#### Task
Pictures are to be omitted; everything else in the data must be transcribed exactly.

══════════

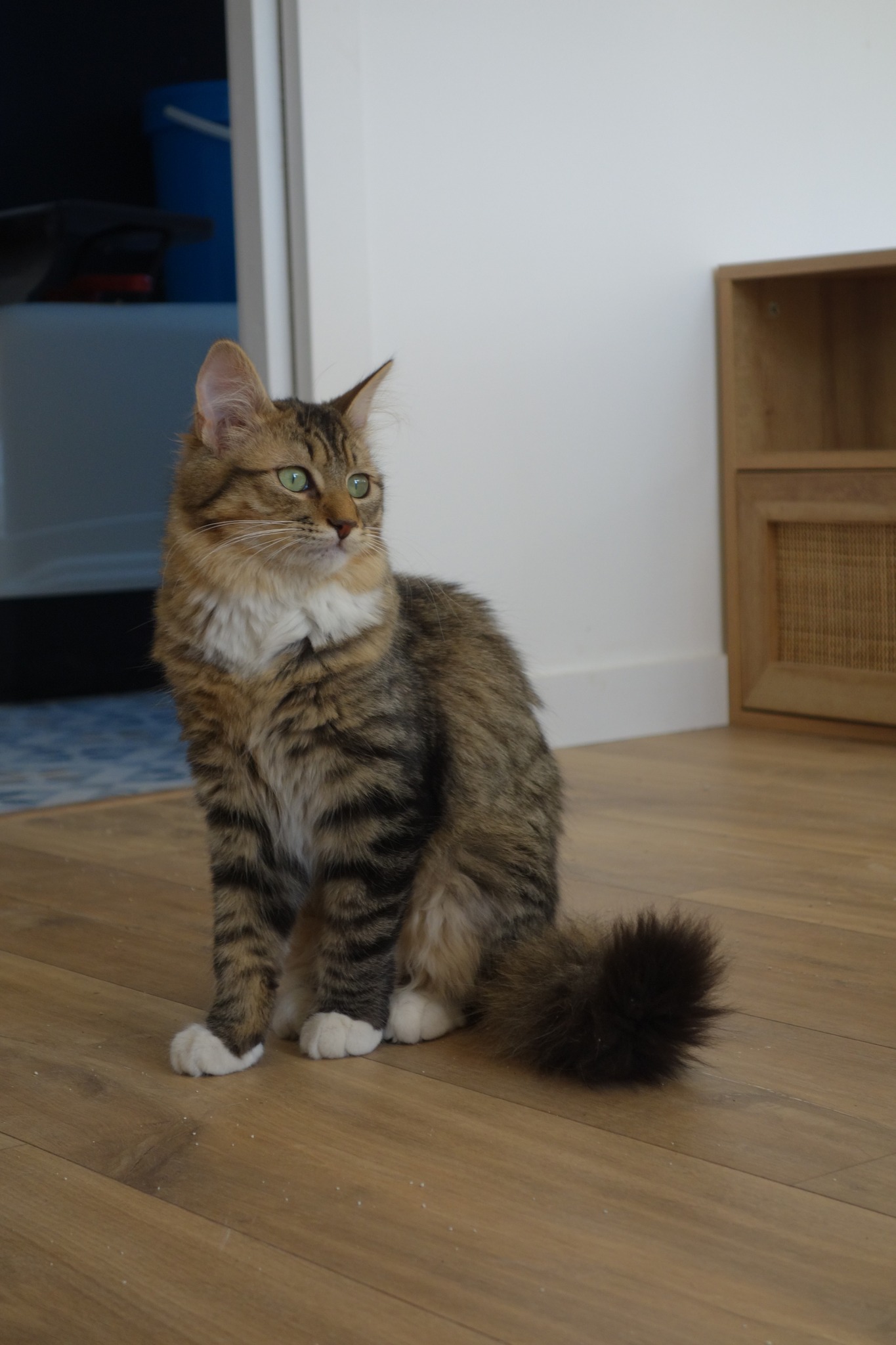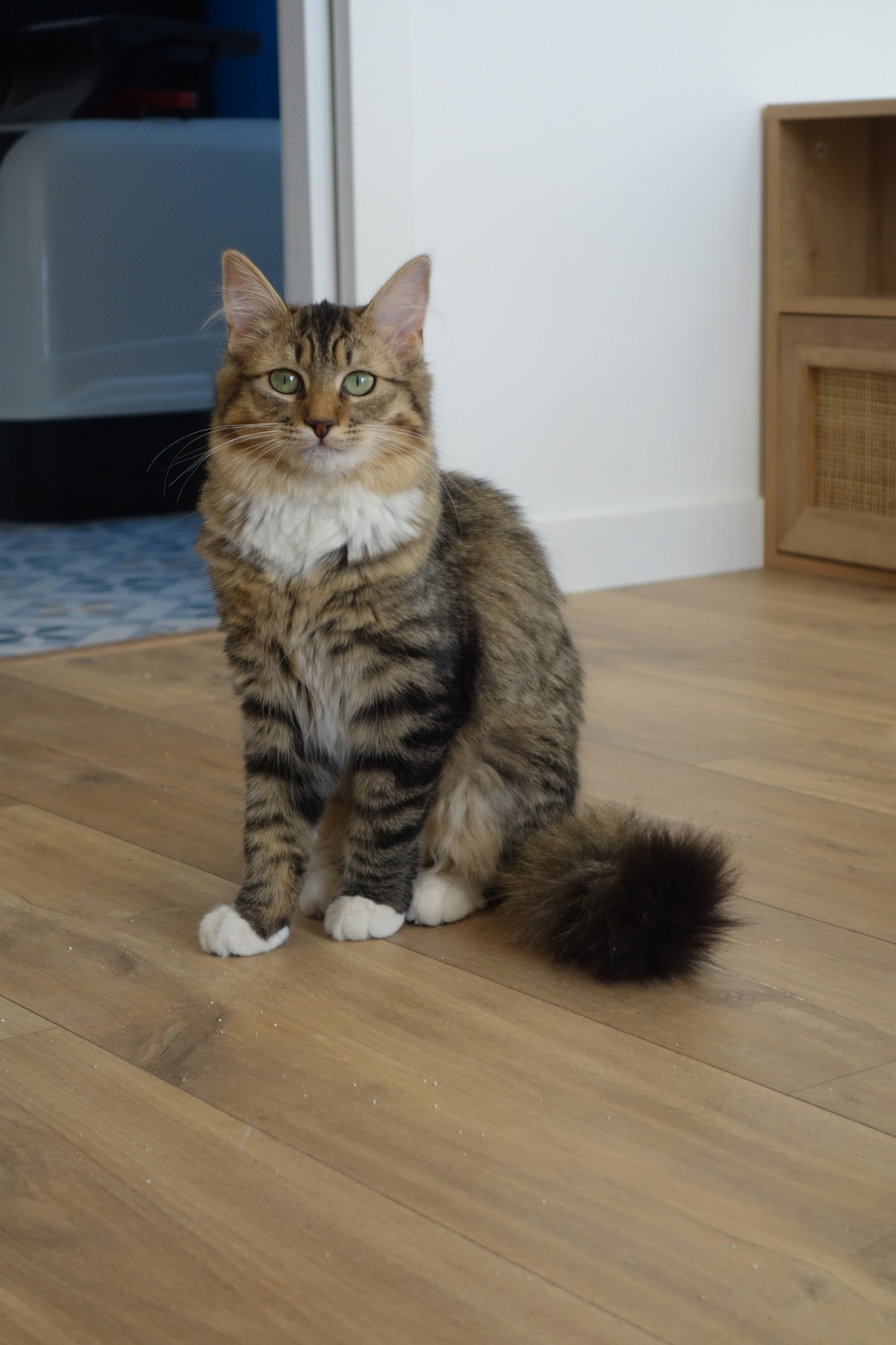 Syldra est une jeune chatte au caractère bien trempé ! Maligne, c'est la plus vive de la portée. Elle doit encore poursuivre un travail de socialisation avec les humains. Elle apprécie déjà quelques caresses même si il lui arrive encore de se montrer surprise. Si elle l'a décidé, elle saura exiger des moments de câlins.
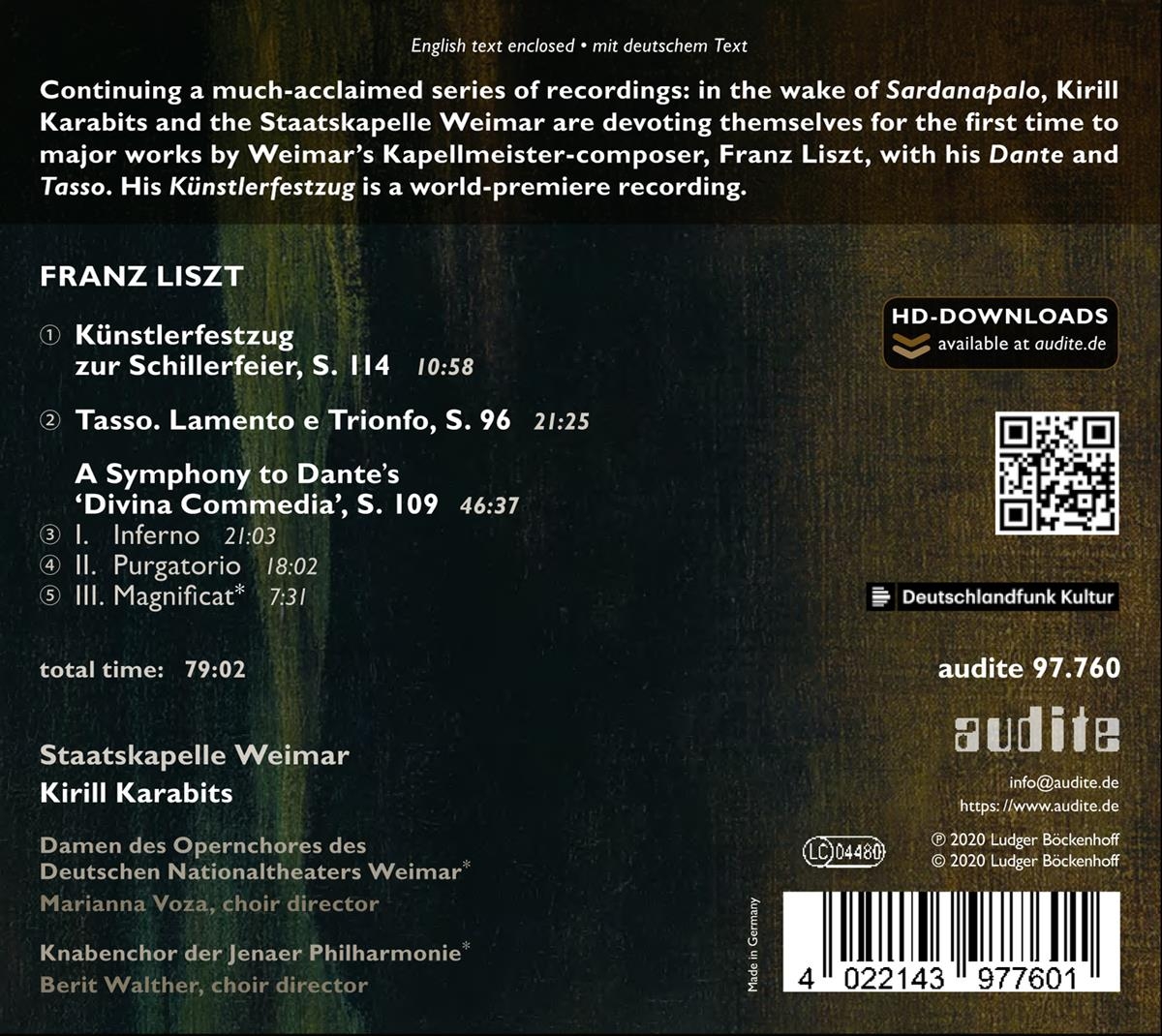Listz: Künstlerfestzug, Tasso, Dante Sinfonie
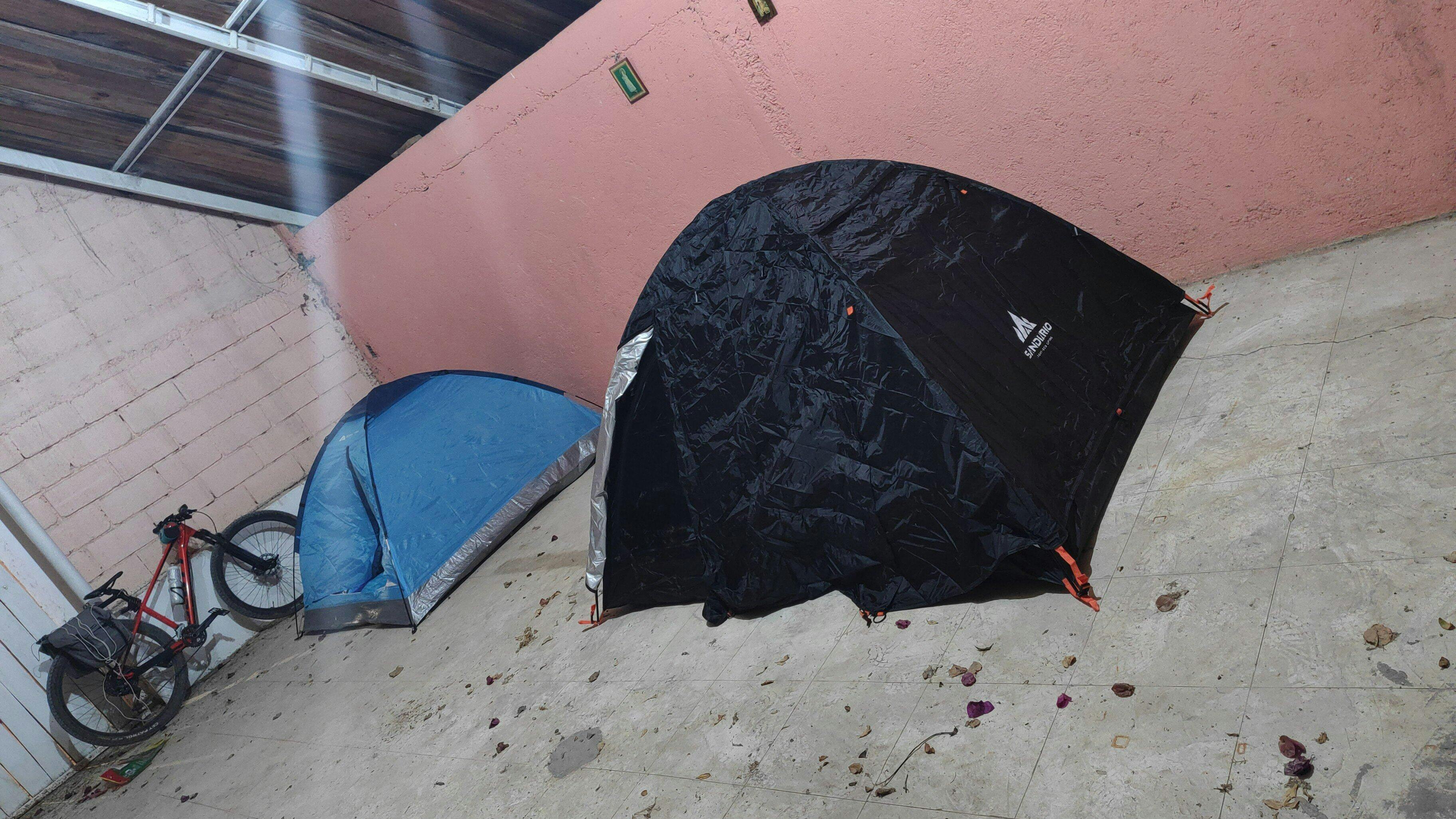 Hay un espacio amplio en la carpa para dos personas, puedes llevar un niño o una mascota más.
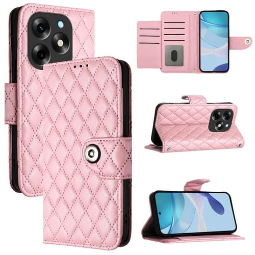 Pour itel S23 + Étui de téléphone à rabat en cuir à texture rhombique avec lanière (rose)
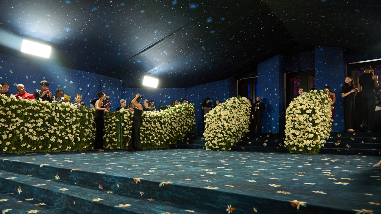 La alfombra roja, diseñada por el artista Cy Gavin, presentó un fondo azul medianoche adornado con flores de narciso en blanco y amarillo, simbolizando la llegada de la nueva temporada y la autoaprecio, en consonancia con la temática de la gala.
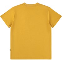 Yellow T-shirt made of soft organic cotton with short sleeves and ribbed neckline. The T-shirt has a loose fit with a print of a smiling face.
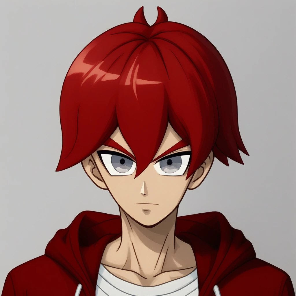 Akiro_Zenshin, red hair, silver eyes, red hoodie, white shirt
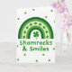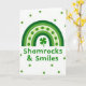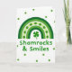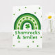 This greeting card shows a green-toned rainbow stretching across a white background, with bands shifting from deep forest green on the outside to a lighter lime shade toward the center 🌈. One pale band is dotted with round green spots, giving the arches a flirty, confetti-like texture that feels like a friendly wink. Tucked right beneath the rainbow’s peak sits a single shamrock, centered as if it’s being offered to someone special ☘️. The phrase “Shamrocks & Smiles” appears below the shamrock in a rounded sans‑serif style, set in green and aligned neatly in the middle. Around the main design, darker green dots are scattered across the white space like little notes drifting between close friends. The open background keeps the focus on the rainbow and shamrock, while the repeated dots make the scene feel lively without getting busy. The shamrock sits directly above the centered line of text, and the surrounding dots vary in placement to create a light, floating pattern.
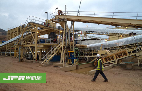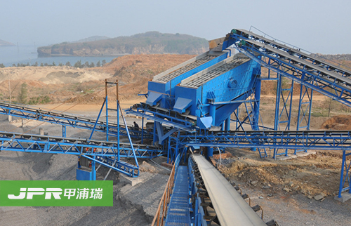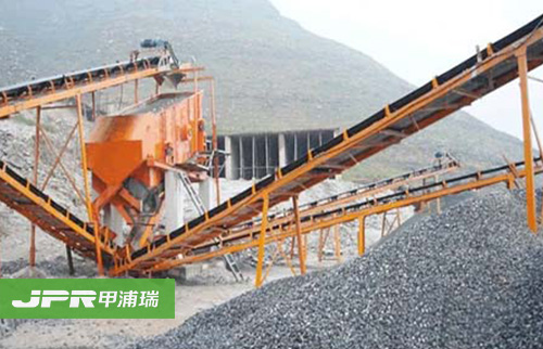 碎石生產(chǎn)線(xiàn)主要由振動(dòng)給料機、顎式破碎機、反擊式破碎機、振動(dòng)篩、膠帶輸送機、集中電控等設備組成。為滿(mǎn)足客戶(hù)不同的加工需要,可配備圓錐式破碎機、除塵 設備等。大塊石料經(jīng)料倉由振動(dòng)給料機均勻地送進(jìn)鄂式破碎機進(jìn)行粗碎,粗碎后的石料由膠帶輸送機送到反擊式破碎機進(jìn)行進(jìn)一步破碎;細碎后的石料由膠帶輸送機 送進(jìn)振動(dòng)篩進(jìn)行篩分,篩分出幾種不同規格的石子,滿(mǎn)足粒度要求的石子由成品膠帶輸送機送往成品料堆;不滿(mǎn)足粒度要求的石子由膠帶輸送機返料送到反擊式破碎 機進(jìn)行再次破碎,形成閉路多次循環(huán)。成品粒度可按照用戶(hù)的需求進(jìn)行組合和分級,為保護環(huán)境,可配備輔助的除塵設備。

══════════

#### Exercise result
 Syldra est une jeune chatte au caractère bien trempé ! Maligne, c'est la plus vive de la portée. Elle doit encore poursuivre un travail de socialisation avec les humains. Elle apprécie déjà quelques caresses même si il lui arrive encore de se montrer surprise. Si elle l'a décidé, elle saura exiger des moments de câlins.
Listz: Künstlerfestzug, Tasso, Dante Sinfonie
 Hay un espacio amplio en la carpa para dos personas, puedes llevar un niño o una mascota más.
 Pour itel S23 + Étui de téléphone à rabat en cuir à texture rhombique avec lanière (rose)
 La alfombra roja, diseñada por el artista Cy Gavin, presentó un fondo azul medianoche adornado con flores de narciso en blanco y amarillo, simbolizando la llegada de la nueva temporada y la autoaprecio, en consonancia con la temática de la gala.
 Yellow T-shirt made of soft organic cotton with short sleeves and ribbed neckline. The T-shirt has a loose fit with a print of a smiling face.
 Akiro_Zenshin, red hair, silver eyes, red hoodie, white shirt
 This greeting card shows a green-toned rainbow stretching across a white background, with bands shifting from deep forest green on the outside to a lighter lime shade toward the center 🌈. One pale band is dotted with round green spots, giving the arches a flirty, confetti-like texture that feels like a friendly wink. Tucked right beneath the rainbow’s peak sits a single shamrock, centered as if it’s being offered to someone special ☘️. The phrase “Shamrocks & Smiles” appears below the shamrock in a rounded sans‑serif style, set in green and aligned neatly in the middle. Around the main design, darker green dots are scattered across the white space like little notes drifting between close friends. The open background keeps the focus on the rainbow and shamrock, while the repeated dots make the scene feel lively without getting busy. The shamrock sits directly above the centered line of text, and the surrounding dots vary in placement to create a light, floating pattern.
 碎石生產(chǎn)線(xiàn)主要由振動(dòng)給料機、顎式破碎機、反擊式破碎機、振動(dòng)篩、膠帶輸送機、集中電控等設備組成。為滿(mǎn)足客戶(hù)不同的加工需要,可配備圓錐式破碎機、除塵 設備等。大塊石料經(jīng)料倉由振動(dòng)給料機均勻地送進(jìn)鄂式破碎機進(jìn)行粗碎,粗碎后的石料由膠帶輸送機送到反擊式破碎機進(jìn)行進(jìn)一步破碎;細碎后的石料由膠帶輸送機 送進(jìn)振動(dòng)篩進(jìn)行篩分,篩分出幾種不同規格的石子,滿(mǎn)足粒度要求的石子由成品膠帶輸送機送往成品料堆;不滿(mǎn)足粒度要求的石子由膠帶輸送機返料送到反擊式破碎 機進(jìn)行再次破碎,形成閉路多次循環(huán)。成品粒度可按照用戶(hù)的需求進(jìn)行組合和分級,為保護環(huán)境,可配備輔助的除塵設備。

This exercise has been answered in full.